═══ DATA BELOW ═══
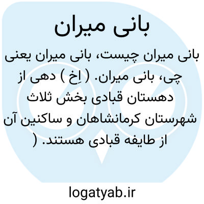 بانی میران. ( اِخ ) دهی از دهستان قبادی بخش ثلاث شهرستان کرمانشاهان و ساکنین آن از طایفه قبادی هستند. ( از فرهنگ جغرافیائی ایران ج 5 ).
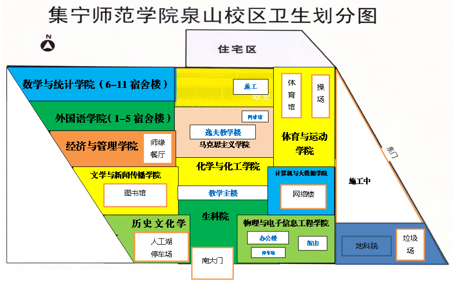 泉山校区劳动区域划分情况详见图1,白海校区劳动区域划分情况详见图2。若各二级学院对劳动区域划分不清楚,请联系后勤基建处李老师(联系电话:18147430606)。
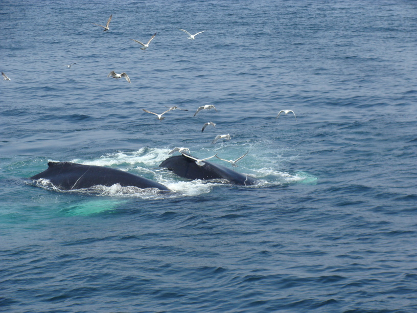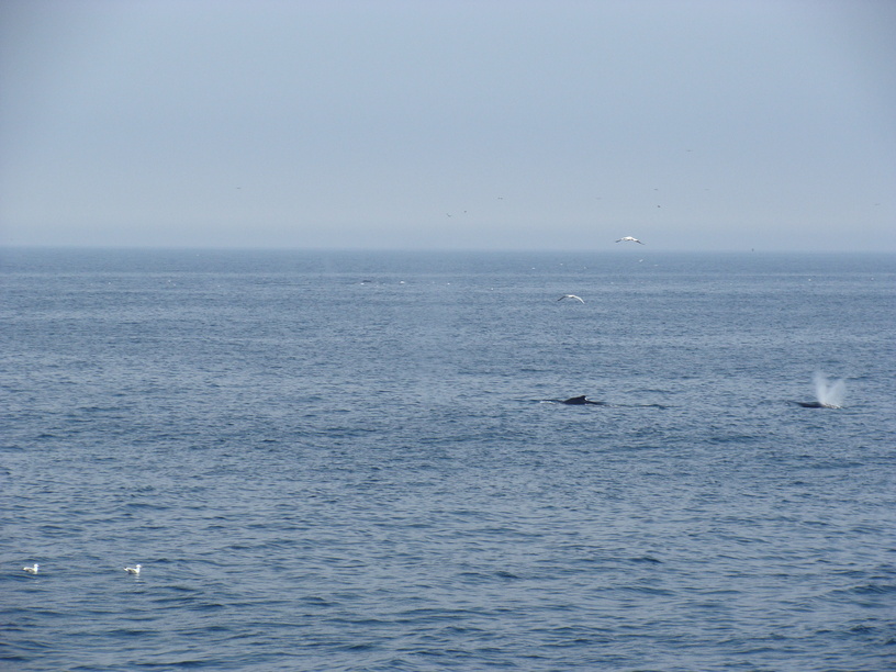 Otto Waalkes ist neulich 65 geworden, und wir waren zum Wale beobachten auf dem Atlantik. Wettermäßig hatten wir einen fantastischen Tag erwischt, es war nie zur falschen Zeit neblig oder kalt oder sonstwie ungemütlich. Hier ist eine Walfontäne aus der Ferne:
═══
Word-for-word repeat, images excluded: return all the data.

## YOUR RESPONSE
 بانی میران. ( اِخ ) دهی از دهستان قبادی بخش ثلاث شهرستان کرمانشاهان و ساکنین آن از طایفه قبادی هستند. ( از فرهنگ جغرافیائی ایران ج 5 ).
 泉山校区劳动区域划分情况详见图1,白海校区劳动区域划分情况详见图2。若各二级学院对劳动区域划分不清楚,请联系后勤基建处李老师(联系电话:18147430606)。
 Otto Waalkes ist neulich 65 geworden, und wir waren zum Wale beobachten auf dem Atlantik. Wettermäßig hatten wir einen fantastischen Tag erwischt, es war nie zur falschen Zeit neblig oder kalt oder sonstwie ungemütlich. Hier ist eine Walfontäne aus der Ferne:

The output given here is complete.